The identification of the known flavonoids luteolin-7-O-β-d-glucoside (14) [14,15,16], 6-hydroxyluteolin 7-O-β-d-glucoside (15) [17], and hesperidin (16) [18,19,20,21,22,23,24] was based on UV–VIS and NMR spectroscopic analyses, as well as by comparing their spectroscopic data with those reported in the literature. The structure of the two fatty acids, linoleic acid (19) [25,26] and methyl α-linolenate (20) [26,27], has been deduced by the interpretation of NMR and GC-MS data.

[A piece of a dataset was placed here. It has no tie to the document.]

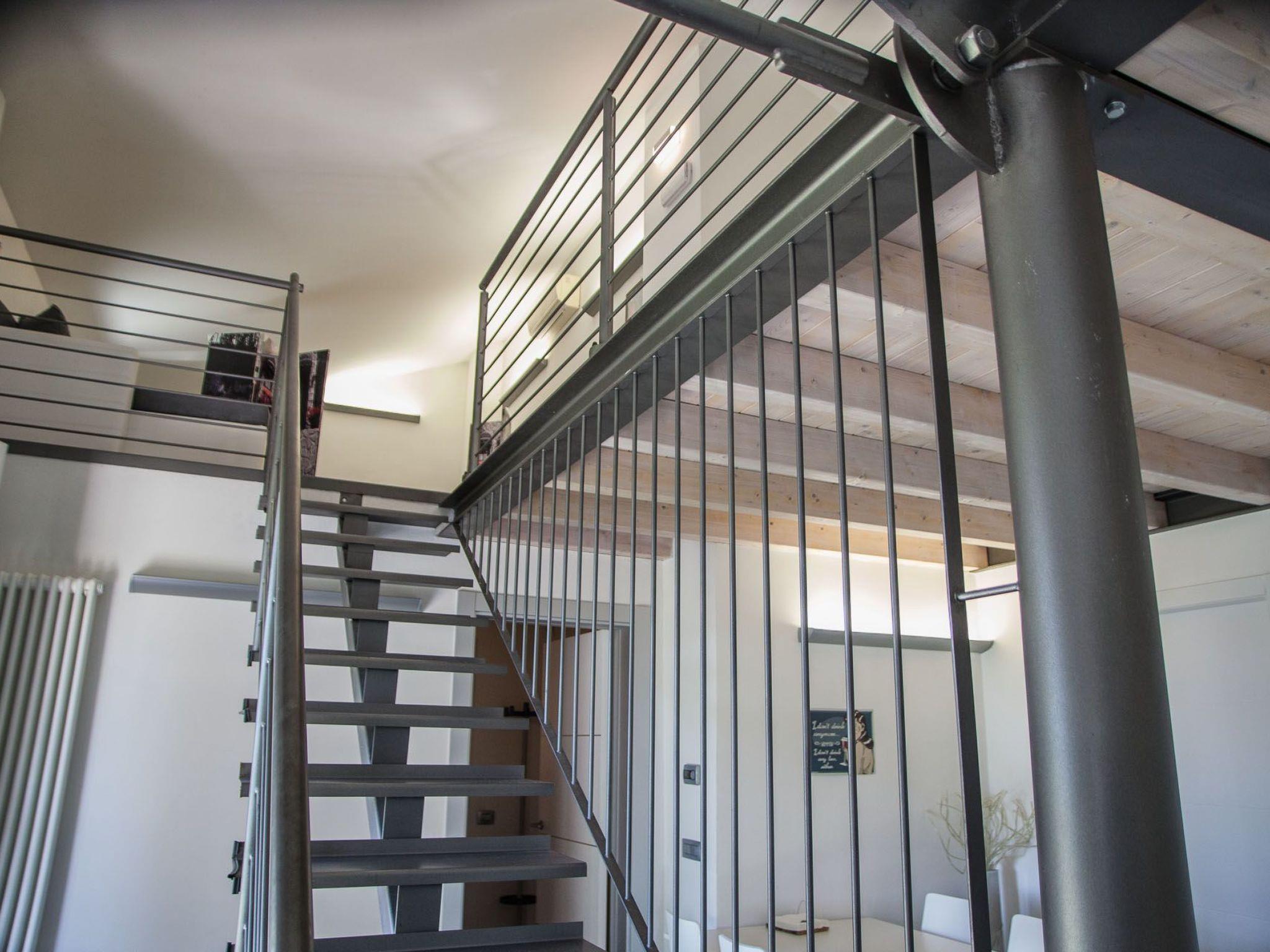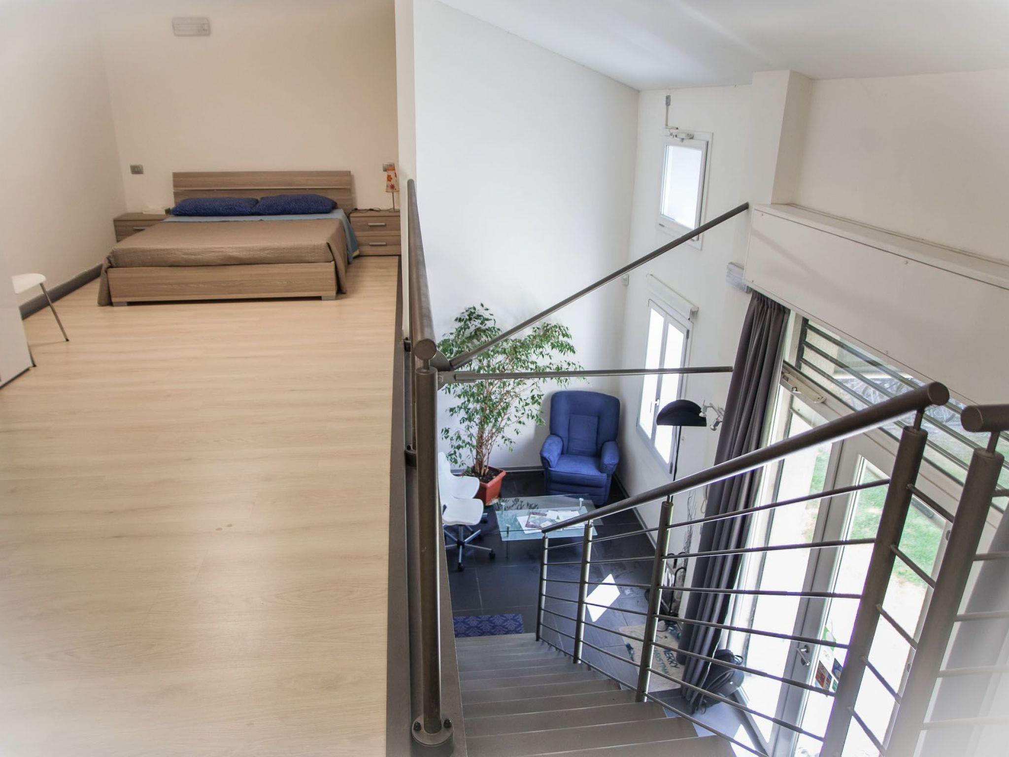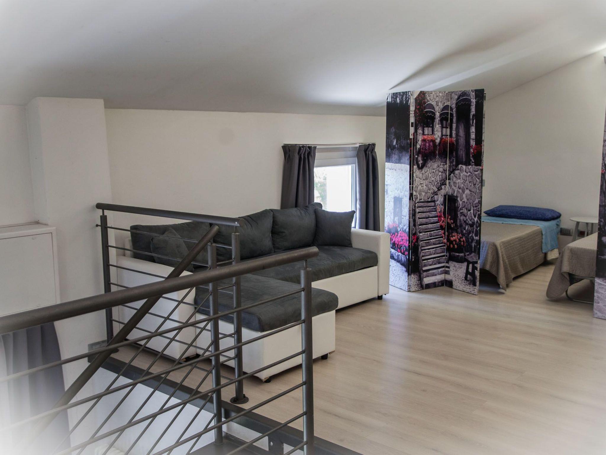 On the mezzanine floor is the open-plan sleeping area with a double bed, two single beds and a double sofa bed.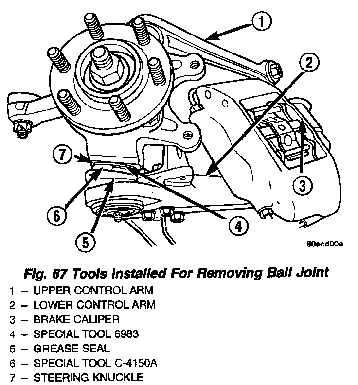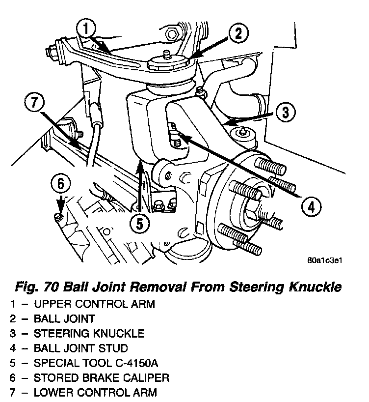 13. Remove the upper ball joint stud from the steering knuckle using Remover, Special Tool C-4150A.

The 1H-NMR chemical shifts for compounds 1 [28,29,30], 2 [31,32,33], 3 [34,35], 4 [35,36,37], 7 [38,39,40,41,42], 9 [35,43], 10 [10,35,44], 12 [35,45,46,47,48], 17 [49,50], and 18 [51,52,53,54] presented in our study are in agreement with the data previously reported in the literature.
However, the NMR data of compounds 5, 6, 8, and 13 are not fully recorded in the literature, therefore, they are presented here below.

3. Discussion

The genus Salvia L. is characterized by the presence of several different secondary metabolites, mainly phenolic derivatives and terpenoids [3].
In the present study, overall, 20 compounds were isolated from S. willeana polar extracts, i.e., two triterpenoids, namely ursolic acid (1) and maslinic acid (2), one monoterpene glucoside, (1S,2R,4R)-1,8-epoxy-p-menthan-2-yl-O-β-d-glucopyranoside (3), one megastigmane glucoside, (6R,9S)-3-oxo-α-ionol β-d-glucopyranoside (4), five simple phenolic compounds, i.e., hydroxy-tyrosol (5), p-anisic acid (6), eleutheroside B (syringin) (7), 1-O-p-hydroxybenzoyl-β-d-apiofuranosyl-(1→6)-β-d-glucopyranoside (8) and eugenylglucoside (9), two acetophenones, 4-O-β-d-glucopyranosyl acetophenone (picein) (10) and 4-hydroxy-acetophenone 4-O-(3,5-dimethoxy-4-hydroxybenzoyl)-β-d-glucopyranoside (11), two caffeic acid oligomers, rosmarinic acid (12) and salvianolic acid K (13), three flavonoids, luteolin-7-O-β-d-glucoside (cynaroside) (14), 6-hydroxyluteolin 7-O-β-d-glucoside (15) and hesperidin (16), two lignans, syringaresinol-4-O-β-d-glucopyranoside (17), pinoresinol-4-O-β-d-glucopyranoside (18) and two fatty acids: linoleic acid (19) and methyl α-linolenate (20).
It is interesting to point out that compounds 7, 16, 17, and 18 had not been previously detected in Salvia L. Syringin (7) is reported, here, as a component of the Lamiaceae family for the first time. Moreover, compounds 3, 5, 6, and 810 had been previously mentioned only once in the genus, as follows: 3, 9, 10 [35], 6 [55], 8 [10] and 14, 15 [3] in S. officinalis L., 5 in S. digitaloides Diels [56], while compound 4 twice in S. nemorosa and S. officinalis L. [35,37]. As for the two triterpenoids 1 and 2, these have previously been isolated from the acetone extract of the aerial parts of S. willeana [9]. So far, only 134 Salvia species of the over 1000 species suggested have been investigated [3]. Based on our results, concerning the polar secondary metabolites, among these species S. willeana showed many similarities to S. officinalis L., since most of the isolated simple phenols (5, 6, 810), as well as the flavonoids 14 and 15, are found only in these two species (Supplementary Materials Table S1 and the references herein).

4. Materials and Methods

4.1. Plant Material

Aerial parts of Salvia willeana (Holmboe) Hedge were collected on Troodos Mountain in Cyprus in April 2004 [8]. A voucher specimen has been deposited in the Agricultural Research Institute Herbarium of Nicosia [no. ARI 3213].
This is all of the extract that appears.